Notwithstanding the foregoing and for greater certainty, High River’s obligations as set forth in this provision, other than accrued and unpaid or unperformed obligations, shall automatically terminate and be of no further force and effect immediately upon Project Completion. Project Completion shall be determined in accordance with the Funding Agreement.
     3. Agreement to Contribute to Capital or Arrange Additional Financing. High River unconditionally and absolutely guarantees that Somita will have sufficient funds, in addition to the Funding, to achieve Project Completion on the schedule set forth in the Funding Agreement, and in support thereof, High River shall, if at any time prior to Project Completion there is a reasonable likelihood of a shortfall in the capital of Somita that could result in the failure of Somita to achieve Project Completion for whatever reason on the time schedule set forth in the Funding Agreement, High River shall promptly cause Shareholder to contribute equity to Somita, or shall arrange other funding or financing for Somita, sufficient in amount to cover any such perceived shortfall. Notwithstanding the foregoing and for greater certainty, High River’s obligations as set forth in this provision, other than accrued and unpaid or unperformed obligations, shall automatically terminate and be of no further force and effect immediately upon Project Completion. Project Completion shall be determined in accordance with the Funding Agreement.

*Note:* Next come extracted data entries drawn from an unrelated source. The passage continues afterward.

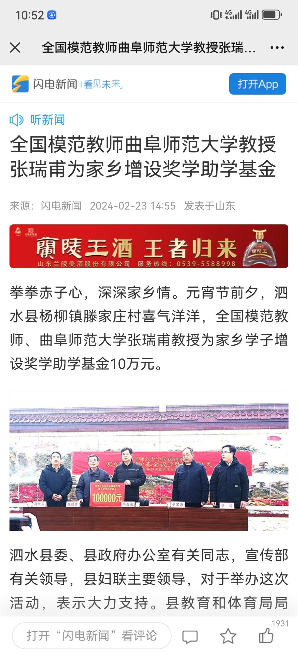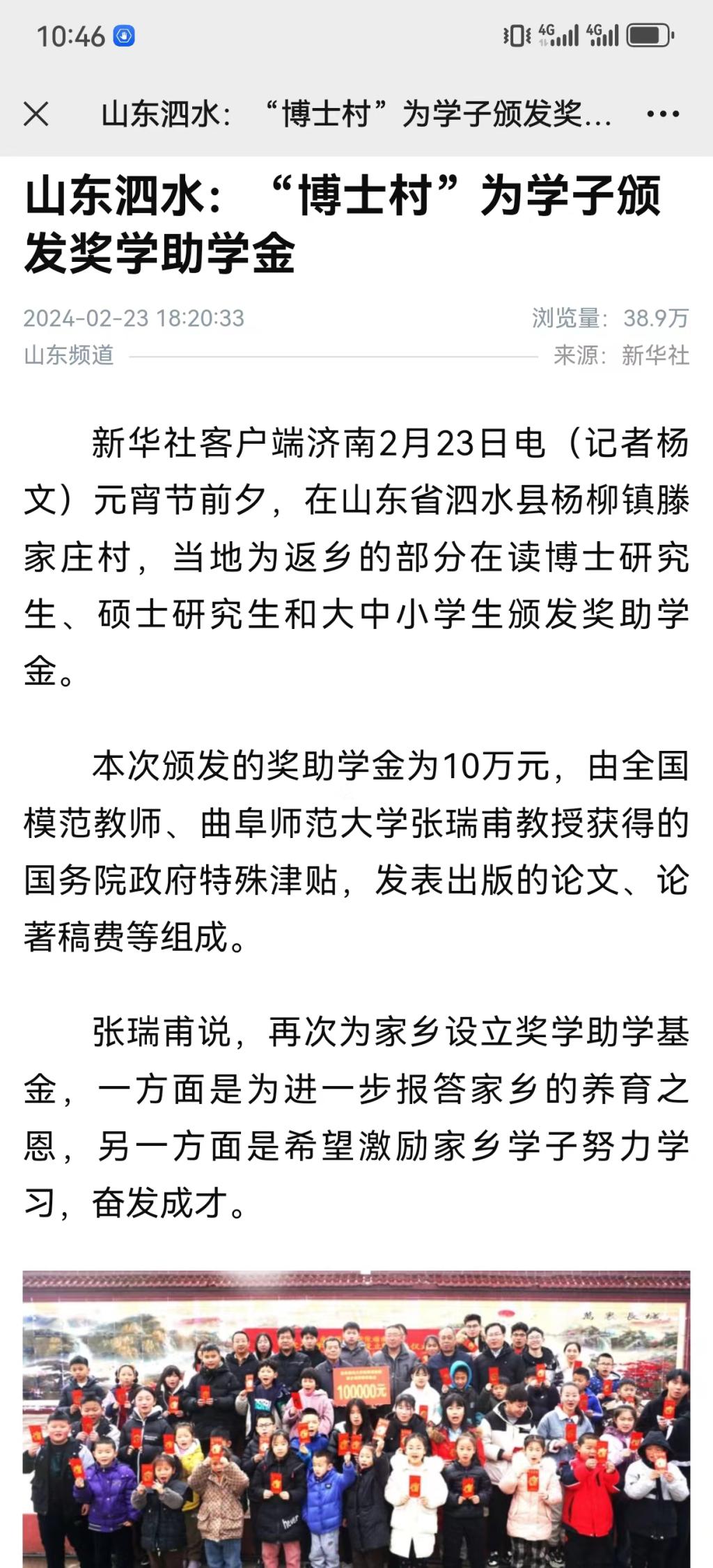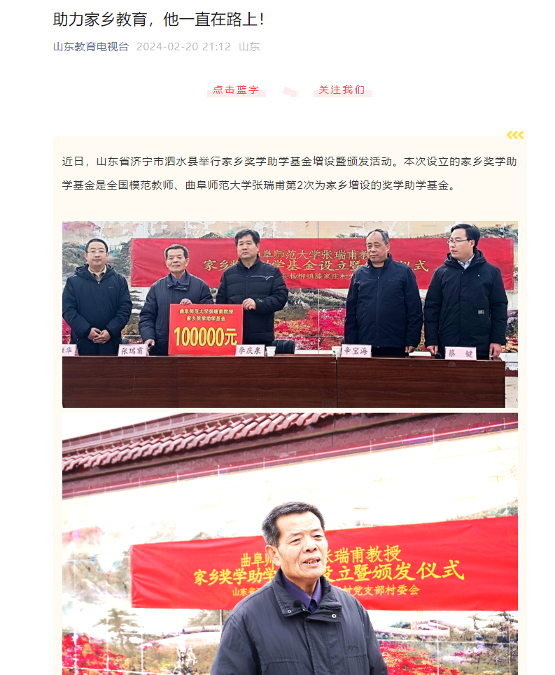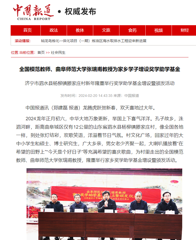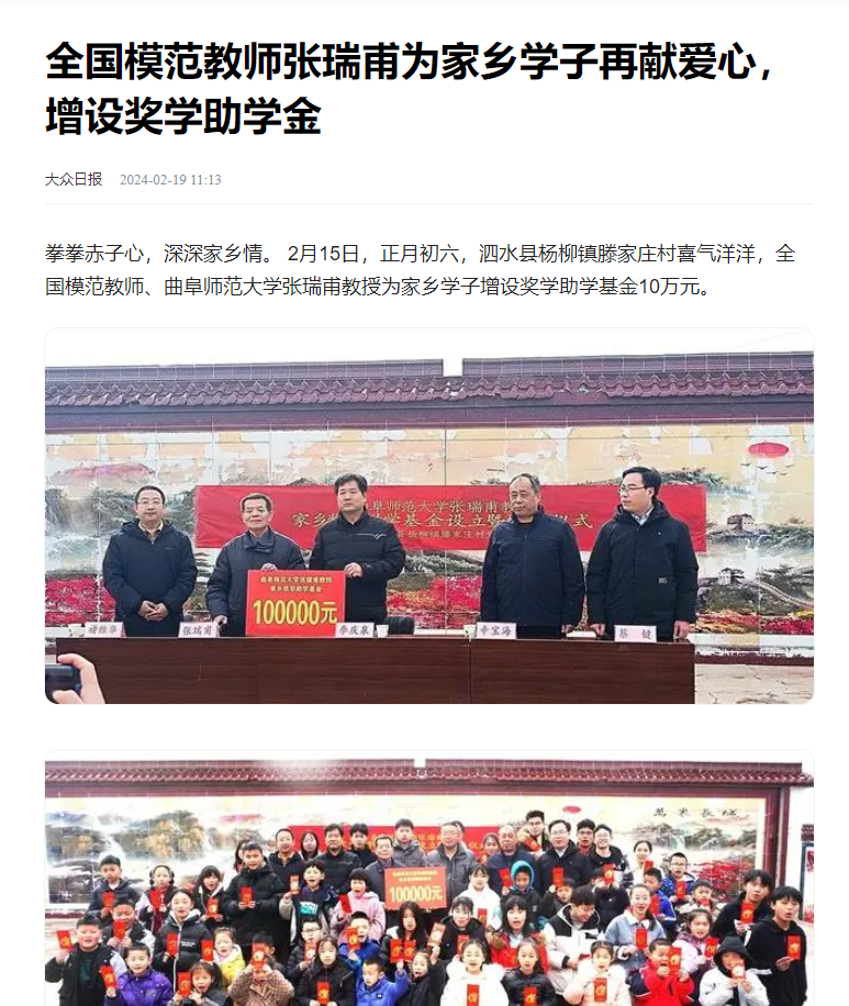 【新华社】全国模范教师、HUANYING.COM张瑞甫教授为家乡学子增设奖学助学基金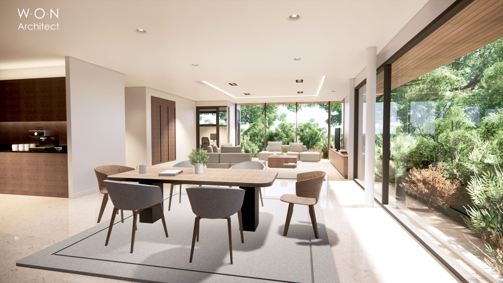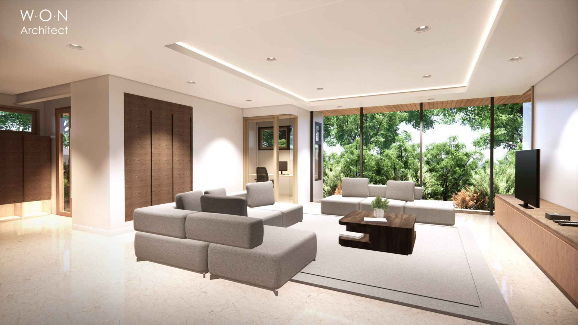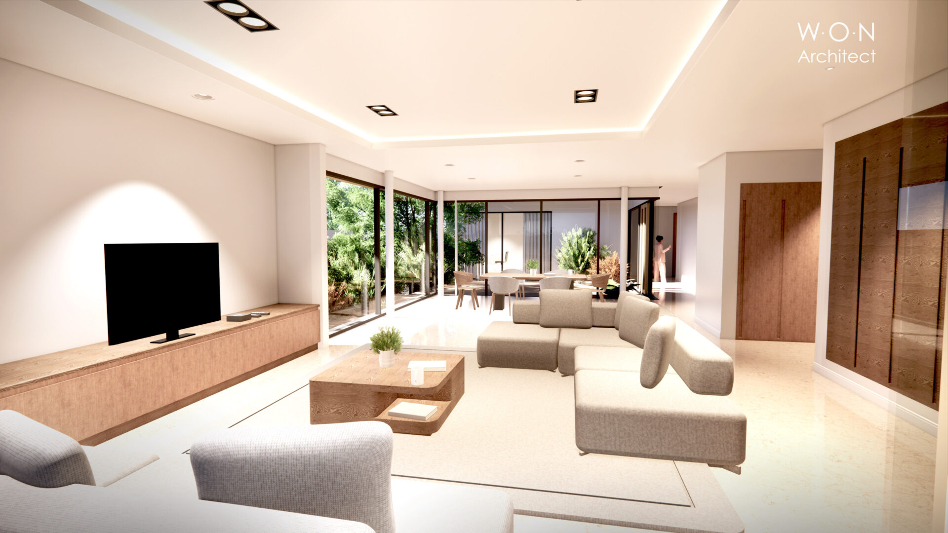 พืนที่ส่วนด้านหน้า Open-Plan ห้องรับแขก และ ห้องอาหาร พร้อมพื้นที่ มุมทำงานเล็กๆ และ กั้นด้วยผนังกระจก เพื่อกันเสียงและความเป้นส่วนตัว สามารถทำงานที่บ้านได้
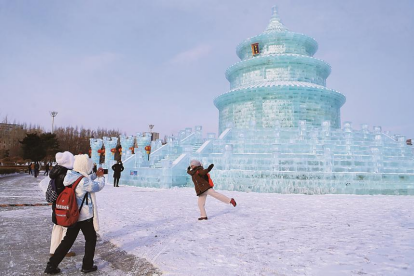 ★小朋友王子瑄兴奋地指着文化广场上“盛世中华”巨型冰雕说:“哇塞,妈妈快看,真漂亮啊!”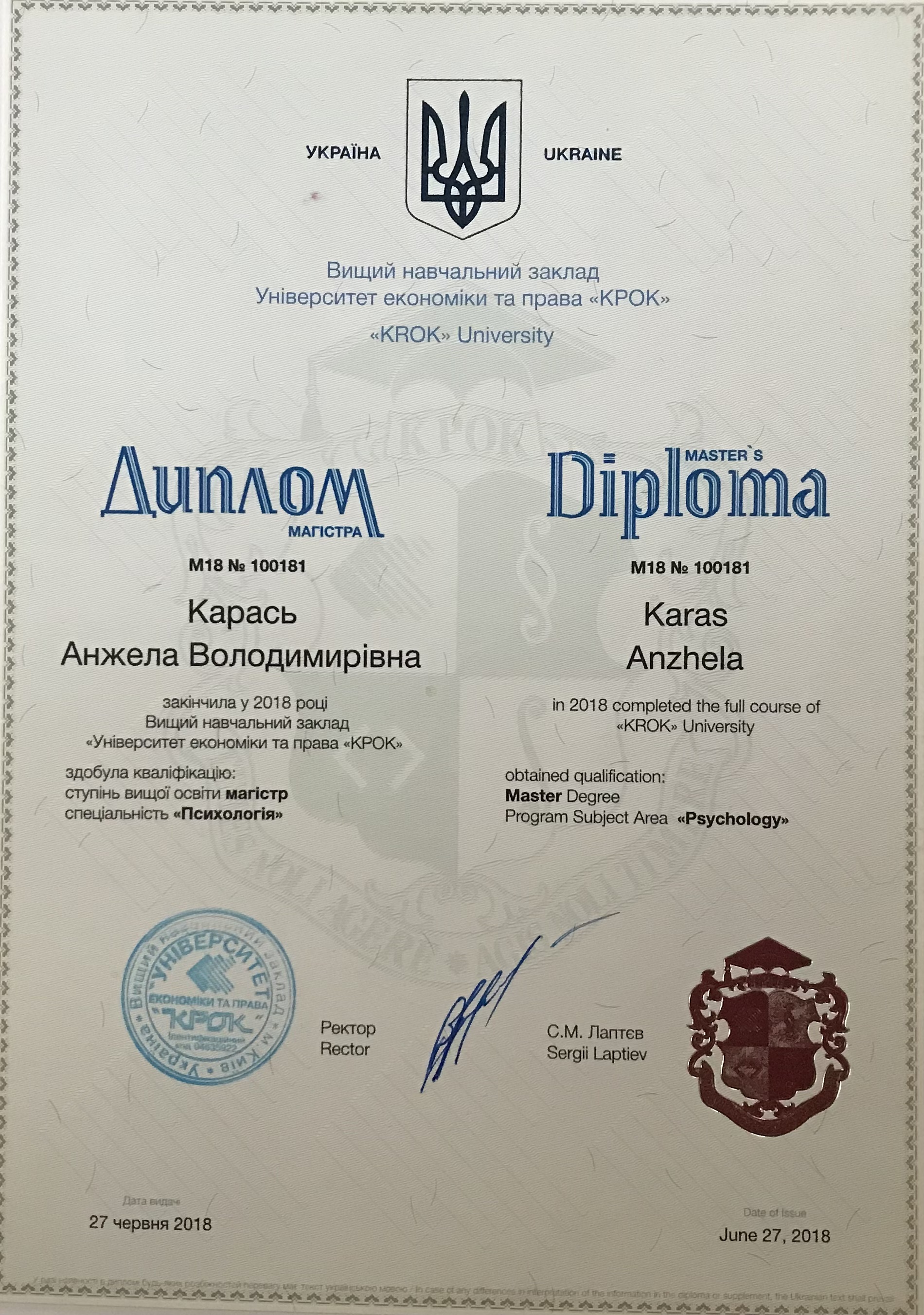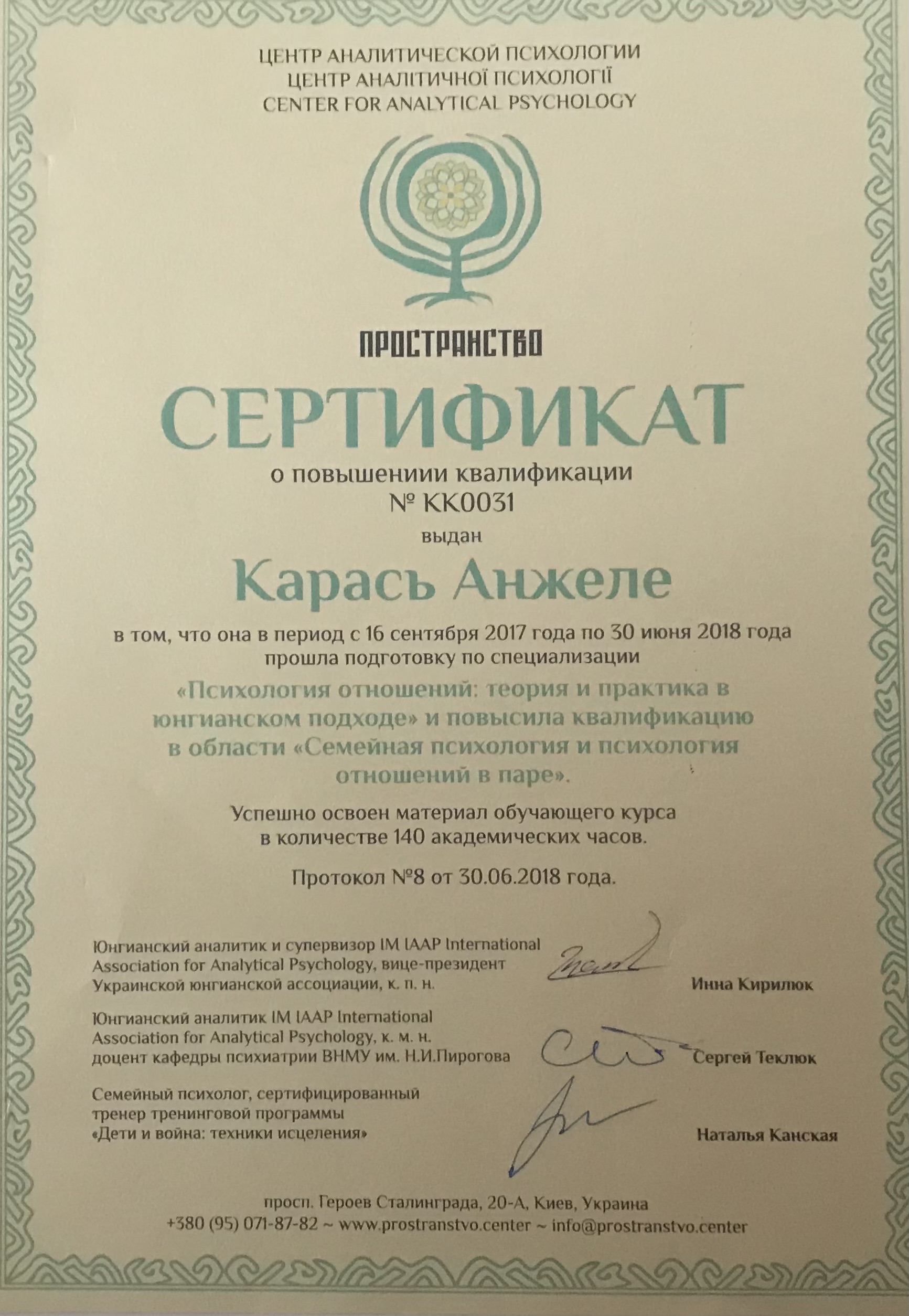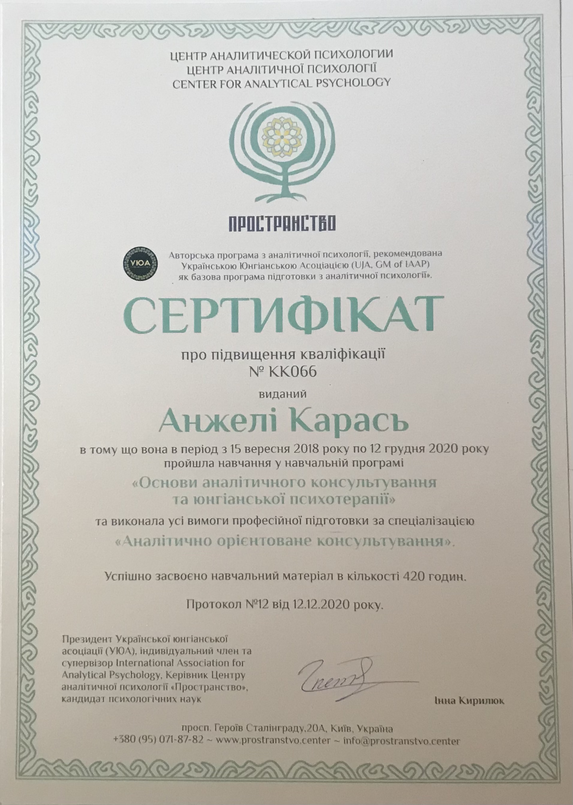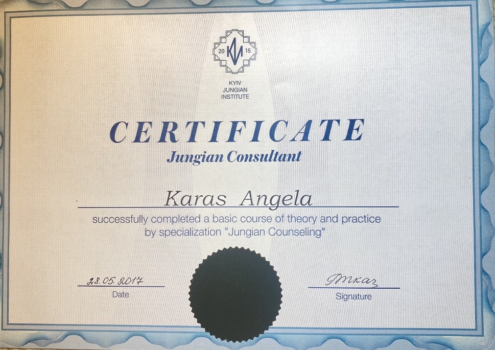 - Сертифікат КЮІ Диплом "Юнгіанський консультант" з 2017 року

     4. Guaranty of Payments Under the Conveyances. High River unconditionally and absolutely guarantees the full and prompt payment when due, in lawful money of the United States, all amounts earned and payable under the Conveyances, except to the extent (a) a refiner under a Refining Contract has expressly agreed to make such payments directly to Royal Gold, or (b) payment is rendered impossible due to an event or action by the Government of the Republic of Burkina Faso beyond Somita’s control. The obligations of High River set forth in this paragraph shall continue after Project Completion.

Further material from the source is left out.